Activity
From the material below, reproduce exactly the stretch of lines that begins with the line holding "几分钟后,滁州交警高速公路四" and ends with the line holding "El disfraz de", skipping the pictures.

Records shown
[Start of section]
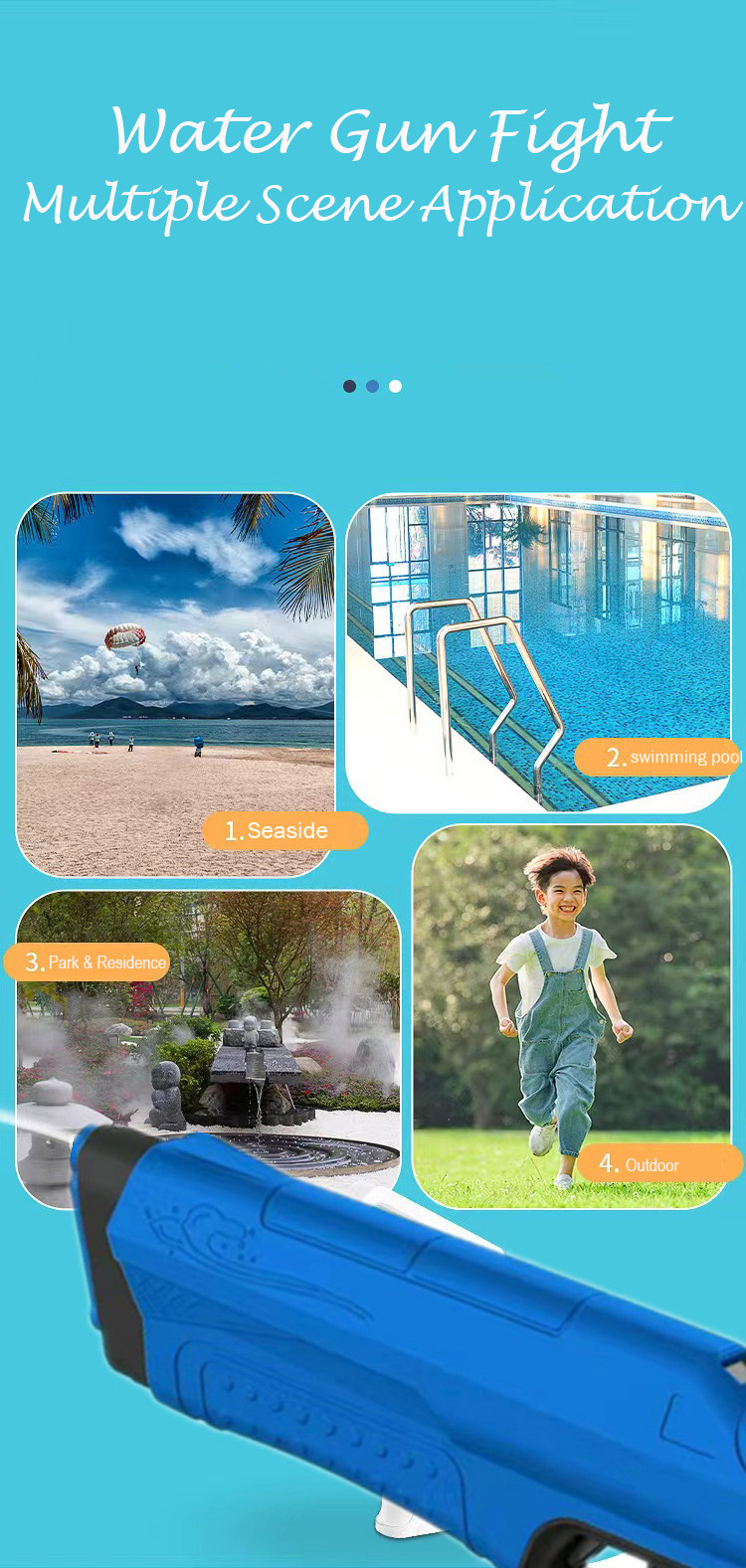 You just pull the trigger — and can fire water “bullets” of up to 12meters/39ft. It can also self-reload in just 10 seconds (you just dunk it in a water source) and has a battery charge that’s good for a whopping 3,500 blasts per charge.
[End of section]
[Start of section]
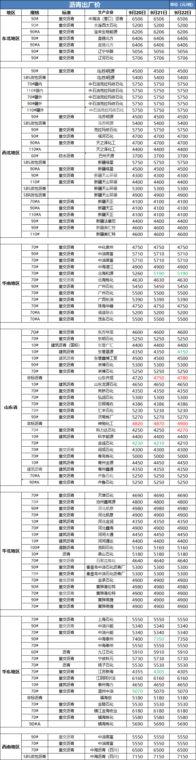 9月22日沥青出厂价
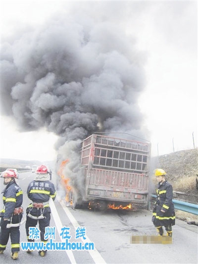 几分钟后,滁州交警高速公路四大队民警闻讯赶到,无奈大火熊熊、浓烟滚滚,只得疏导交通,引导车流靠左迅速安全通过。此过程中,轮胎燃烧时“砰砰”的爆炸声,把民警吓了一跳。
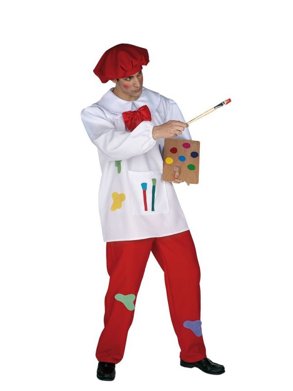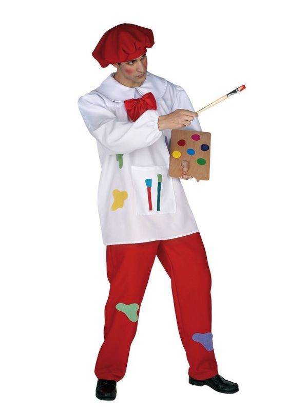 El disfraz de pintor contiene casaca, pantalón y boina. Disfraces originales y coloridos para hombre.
[End of section]
Response to the exercise
 几分钟后,滁州交警高速公路四大队民警闻讯赶到,无奈大火熊熊、浓烟滚滚,只得疏导交通,引导车流靠左迅速安全通过。此过程中,轮胎燃烧时“砰砰”的爆炸声,把民警吓了一跳。
 El disfraz de pintor contiene casaca, pantalón y boina. Disfraces originales y coloridos para hombre.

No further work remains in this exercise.